CANAZEI, Italy (AP) — Authorities said conditions in the Italian Alps were too unstable Wednesday for search teams and dogs to work on the mountain where five people remained missing after a fatal weekend avalanche.

Seven people were killed after an enormous chunk of a glacier broke off Sunday, sending an avalanche of ice and rocks thundering across a trail where hikers were enjoying warm, sunny weather.

Rescuers said they hoped the temperature would dip Thursday, lessening the risk of more avalanches, so searchers could go on the Marmolada slope.

Relatives of the missing Italians pressed for the retrieval of their loved ones’ bodies, which are believed to be buried under the avalanche. The size of the glacier’s detached pinnacle has been compared to an apartment building.

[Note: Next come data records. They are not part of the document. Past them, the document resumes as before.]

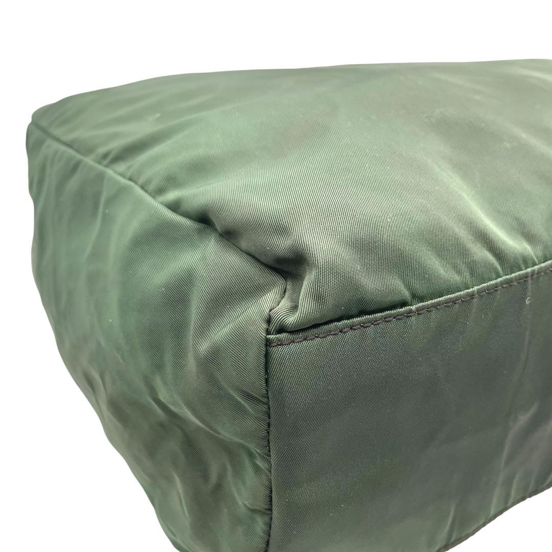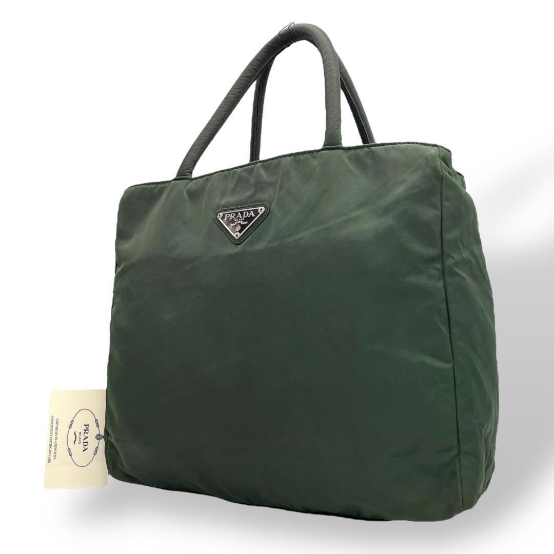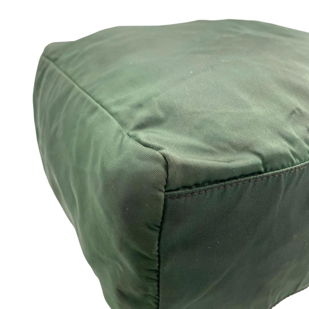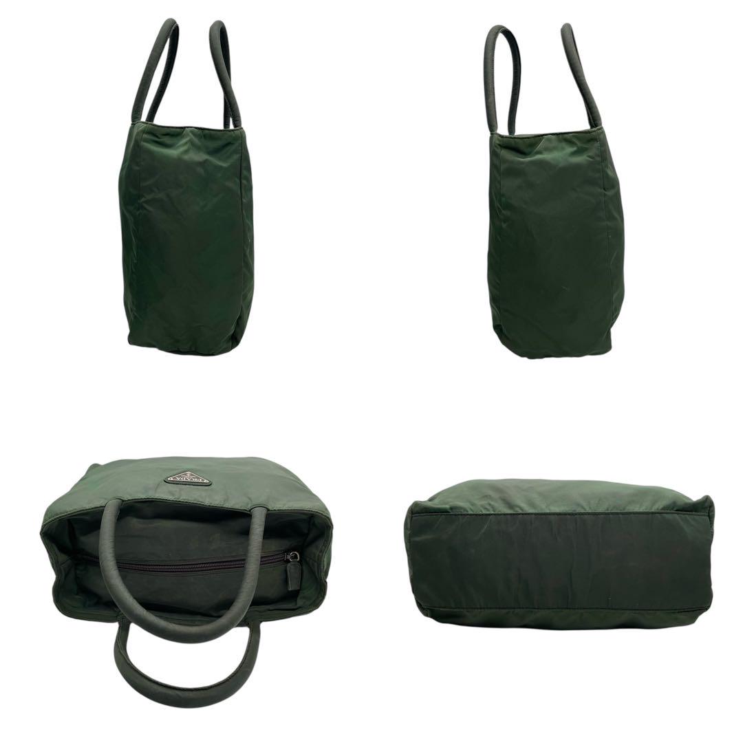 プラダ テスートナイロン ハンドバッグ 三角ロゴ カーキ グリーン トライアングル トートバッグ コンパクト ナイロン シルバー金具 PRADA レディース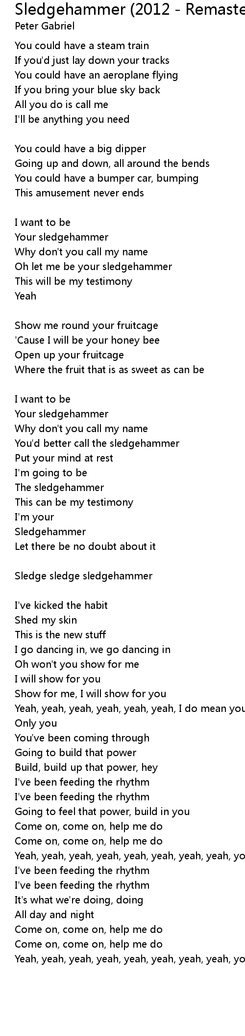 Oh let me be your sledgehammer |
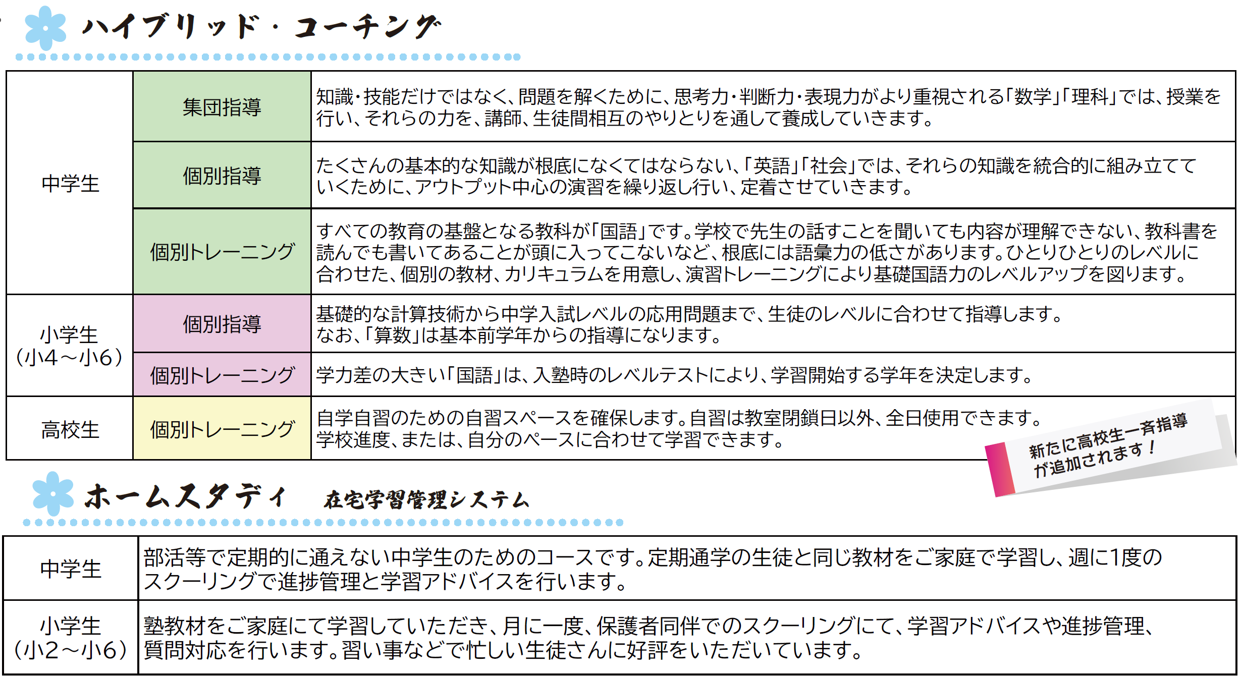 学習していく上で授業を受けることと、演習トレーニングすることは、どちらも必要不可欠なものであり、決して片方が欠けていいものではありません。近年、「反転授業」が脚光を浴びていますが、「ハイブリッドコーチングシステム」は家庭での事前学習を含む、すべてを塾内で完結させる、相反転授業となっています。

Trento Prosecutor Sandro Raimondi said in a Wednesday interview on Italian state radio that he opened a formal investigation to determine if any negligence was involved. Prosecutors plan to consult geologists.

But Raimondi said it appeared at this point that the avalanche couldn’t have been anticipated.

“The unpredictability in this moment is the chief protagonist,” he said.

Forensic police investigators dispatched from the city of Parma took samples Wednesday from some of the remains recovered to try to determine if they belonged to any of the people missing.

Meanwhile, the mayors of Canazei and smaller towns at the base of mountains in the Dolomite range issued ordinances closing off the Marmolada peak to hikers. Some people ignored the orders and scrambled up the lower slopes.

Authorities have cited a weeks-long heat wave in northern Italy and scant winter snowfall as likely factors in the weekend breakup of the glacier, which has dramatically shrank over decades.

Last weekend, the temperature on Marmolada topped 10 degrees Celsius (50 F), unusually high for early summer, authorities said.

Polar sciences experts at an Italian government-run research center estimated that the Marmolada glacier could disappear entirely in the next 25-30 years if current climatic trends continue.

Between 2004 and 2015, the glacier lost 30% of its volume and 22% of its area.

People whose livelihoods are entwined with the mountain offered their own observations. Carlo Budel, manager of alpine hut on the side of Marmolada, recalled that the glacier was not covered with snow last month.

“Last year, when I moved to the hut on June 1st, it took me half a day only to enter because the hut was all covered in snow,” he said. “But this year, I opened the main door in just 30 minutes.”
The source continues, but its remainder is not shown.